Vegetables : Chopped Potato Breakfast Salad
Choose another message board
 
     
Reply
 Message 1 of 1 in Discussion 
From: MSN NicknameANNIE24447  (Original Message)Sent: 9/9/2008 4:17 AM
Chopped  Potato Breakfast Salad
INGREDIENTS:
For the salad:
3 large Idaho Potatoes, scrubbed and cut into 3/4-inch cubes
cooking spray
6 egg whites
1 cup chopped red pepper
1 cup canned chick peas (garbanzo beans), rinsed and drained
For the dressing:
1 cup fresh parsley, chopped (packed into cup measure)
1/3 cup Extra Virgin olive oil
2 tablespoons fresh lemon juice
1 tablespoon real maple syrup
DIRECTIONS:
Place potato cubes in a large saucepan; add water to cover
 and bring to boil over medium-high heat. Boil potatoes for
 5 minutes, or until tender (easily pierced with a knife).
Drain and place in a serving bowl.
Coat a non-stick skillet with cooking spray.
Cook the egg whites over medium heat, without stirring,
until cooked through but not overcooked.
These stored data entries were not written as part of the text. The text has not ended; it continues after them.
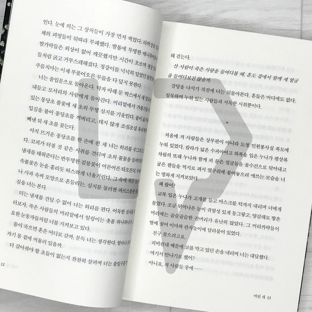 ! All the books we sell have a small mark or label on either the top or bottom edge of the book, placed by us or the publisher/distributor. This is a common practice in Korea to verify authenticity and track the distribution route of the books.
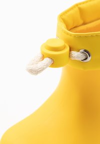 Bottes de pluie en caoutchouc jaunes avec des semelles blanches. La botte gauche présente un bord matelassé et un système de fermeture à cordon, ajoutant texture et détails.
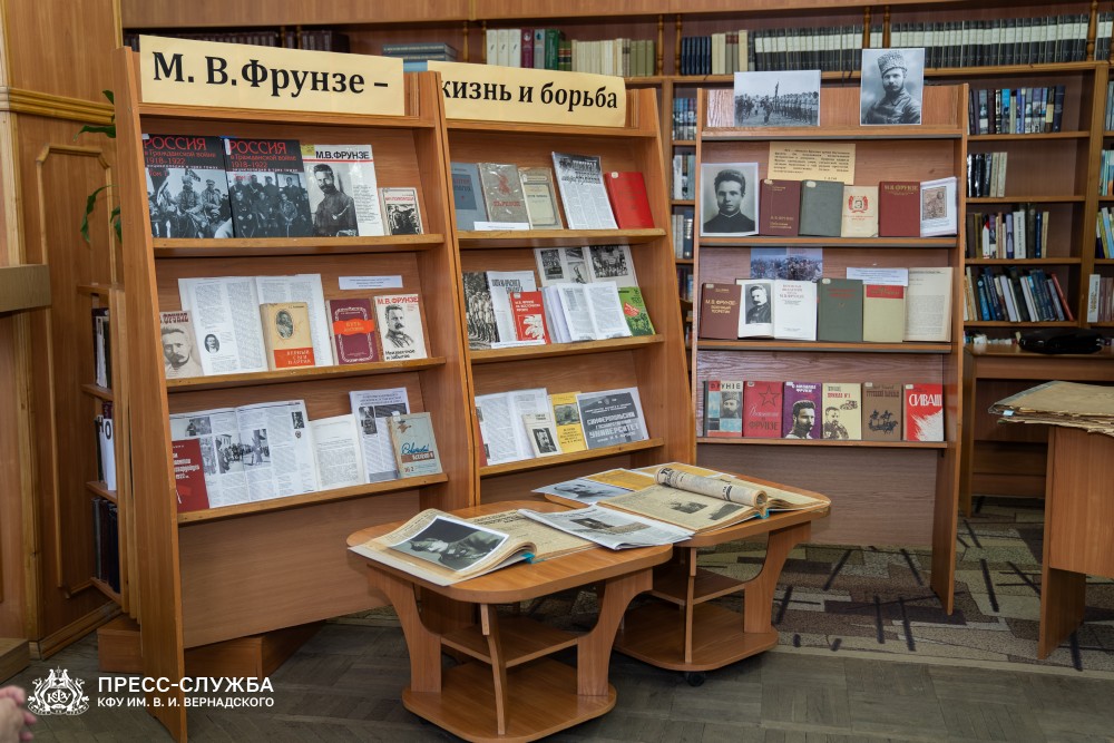 31 октября в Научной библиотеке Крымского федерального университета им. В. И. Вернадского состоялось открытие книжной выставки в честь 100-летия со дня смерти советского полководца Михаила Васильевича Фрунзе, который возглавлял несколько армий, сражающихся против адмирала А. В. Колчака и Повстанческой армии Нестора Махно. С января 1925 г. занимал должность председателя Реввоенсовета СССР и наркома по военным и морским делам. В экспозиции представлены архивные документы, а также публицистические и художественные произведения о его деятельности.
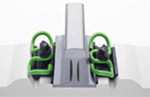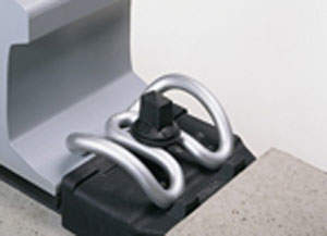 The 300 rail fastening system for slab tracks, which can be pre-assembled, is suitable for all methods of slab track installation. The highly elastic intermediate plate substitutes for the elasticity of the ballast bed. A steel pressure distribution pad, which supports the rail through the interposition of conventional rail pads, is used to improve the load distribution on the intermediate plate.
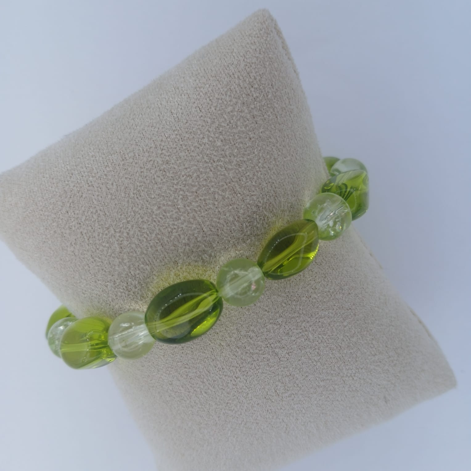 Stunning variety of green glass beads - Light, Fern and Lime Green. Feels solid and lovely on the skin.
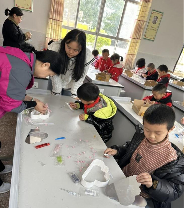 “电报机是在人类通讯历史上重要的发明创造…… LED将电能转化为光能,灯珠安装在灯罩内,以保护灯珠并散发光线……”李雪、叶莉和杜鸿三位通信支部的党员教师用她们的专业知识给梭步希望小学员工现场讲解了电报机的使用原理,并指导员工现场制作电报机模型和LED小夜灯,现场互动热烈,气氛爆棚,孩子们在制作过程中一个个懵懂的“科技梦”被点燃。在欢声笑语中,孩子们满心欢喜地拿着自己制作的模型抢着拍合影。
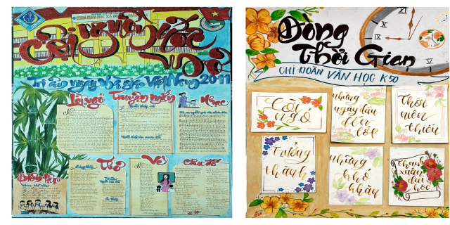 Hiện các tác phẩm báo tường đang được trưng bày tại sảnh Khoa Khoa học Xã hội và Nhân văn. Kính mời quý thầy cô và các bạn sinh viên ghé thăm để chiêm ngưỡng những tác phẩm tri ân sáng tạo và đầy cảm xúc.

Flip skillet over
 onto a clean cutting board, releasing egg whites.
 Chop egg whites and add to serving bowl.
Add red pepper and chick peas to the bowl, stirring all
 ingredients to combine; set aside.
 Prepare dressing: Puree all ingredients in a blender.
Add to salad and toss gently to combine.